A Core Component
Your hip flexors are part of your core. They play a key role in allowing you to squat and deadlift because they're needed for full hip extension. When they're strong and mobile, you'll be able to run, jump, and squat low.
But most people have no clue why they get pinching pain when they do certain exercises or movements, so they whip out their trigger guns and rollers or start doing a load of stretches.
Believe it or not, tight muscles can also be weak muscles, so stretching and smashing your body parts isn't always the best medicine. And weak hip flexors can cause pain in other areas like your low back and hips.
They run from your lumbar spine to your femur and help keep your pelvis aligned. They're made up of three muscles, two of which join together to form the iliopsoas. The other is the rectus femoris, which is also one of your quadricep muscles.
Together they act to flex or bend your hip. Bringing your knees to your chest is the primary purpose. Since the hip flexor complex attaches at the spine, pelvis, and femur, any disruption there creates imbalance all over the body.
One final thing: Your hip flexors are in a shortened position when sitting down and lengthened when standing or extending your hip.
If your hip flexors aren't strong enough, you can expect injuries, hip pain, knee pain, low back pain, and even hamstring issues. There's a direct correlation between weaker hip flexors and injuries, so working on keeping them strong may be one of the most important parts of your training.
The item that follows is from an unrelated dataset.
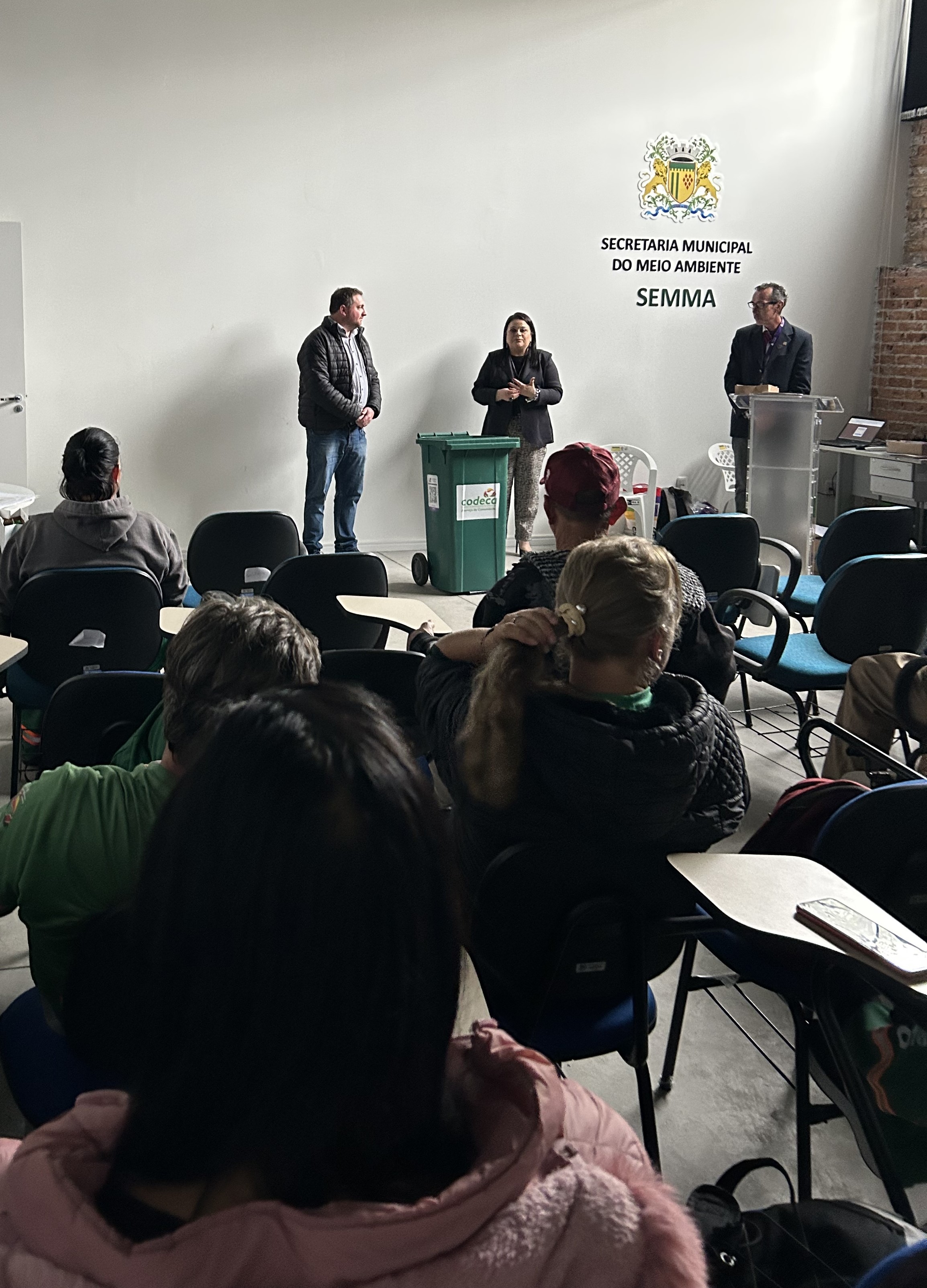 A Companhia de Desenvolvimento de Caxias do Sul (Codeca) promoveu esta semana um treinamento para as equipes de Varrição voltado ao atendimento ao turista e informações aos visitantes da Mercopar e da Festa da Uva 2024. A atividade teve o apoio da Secretaria do Turismo, por meio do coordenador geral Sandro MaurÃcio da Silva, que falou abordou \"Receptivo e turismo consciente na Festa da Uva 2024\". Sandro também informou sobre a campanha Curta Caxias, que visa afixar nos empreendimentos e nos veÃculos adesivos com QRCode que direciona para o site www.curtacaxiasdosul.com.br, onde estão concentradas as informações sobre a atividade turÃstica da cidade. Aproveitando o treinamento das equipes da Codeca, a presidente da empresa, Maria de Lourdes Fagherazzi e o secretário do Turismo, Ricardo Daneluz adesivaram com o QRCode um carrinho da varrição no inÃcio da palestra desta sexta-feira. Todos os carrinhos das equipes que circulam pela área central e bairros São Pelegrino, Pio X e Lourdes receberão o adesivo. Daneluz ressaltou que todo caxiense é guia e pode dar informações. Entretanto, taxistas, motoristas de aplicativos e os funcionários da Codeca que estão nas ruas tem o primeiro contato com o turista. \"O site é uma ferramenta importante para o visitante e vocês levando esse QRCode podem nos ajudar para que Caxias receba cada vez melhor seus visitantes\", destacou. A presidente da Codeca lembrou que além do turismo de lazer, Caxias tem o turismo de negócios como a Mercopar, que acontece ainda este mês, no Parque Mário Bernardino Ramos. \"Estas feiras importantes trazem muita gente de fora para cá, fomenta nossa economia com hotéis e restaurantes cheios. Como é bom quando vamos num lugar e somos bem recebidos! Essa recepção é que fica e que as pessoas falam para as outras. Nós da Codeca também vamos ajudar a receber bem nossos visitantes\". O treinamento ocorreu de quarta a sexta, das 14h à s 16h, no auditório da Secretaria do Meio Ambiente.

Excessive sitting can shorten all the muscles in the front of the body, which include the hips. If you're struggling to stay healthy and want to build a well-rounded core, start with not only working the rectus and transverse abdominis, but also hitting obliques and hips.
First, test yourself. You need to see if your hips are indeed the culprit. This is a good one from Coach Lee Boyce:
Place a lacrosse ball or two between the top of your thigh and bottom of your hip bone. You'll have to work to keep the ball in place while you do a bridge. If the ball pops out, there's your sign!
Now correct the issue by adding drills like these:
1. Deadbug Pullover with Psoas March
The pullover is often butchered because of overextension of the spine or low back. The deadbug fixes this, promotes lumbopelvic stability, and helps give you better posture. Adding the band around the feet helps work the hips while adding resistance in extension.
2. Prone Psoas March
The slight elevation not only works the hips but also gives your entire midsection an anti-extension blast. As a bonus, your shoulders have to do some work to stabilize your bodyweight.
3. Straight-Leg Pike
This is a superior way to target the hip flexors directly. Keep your quads engaged and legs as straight as possible so you're in more of a V-sit position.
4. Hollow Hold Flutter Kick
Challenge your anterior core and your hip flexors with this variation of the hollow hold. Focus on keeping your legs as straight as possible and hold the weight 4-6 inches off your chest. Not only will your hip flexors be on fire, but it'll give your shoulders some isometric work as well.
5. Standing Psoas March
Using some assistance can help you focus more on the isometric hold and hip work rather than trying to balance. You can even incorporate slow eccentrics.
6. High-Knee Sprint and Resisted Reverse Bear Push-Up
For an unconventional power or conditioning tool, you can use something like the NT Loop and work on these.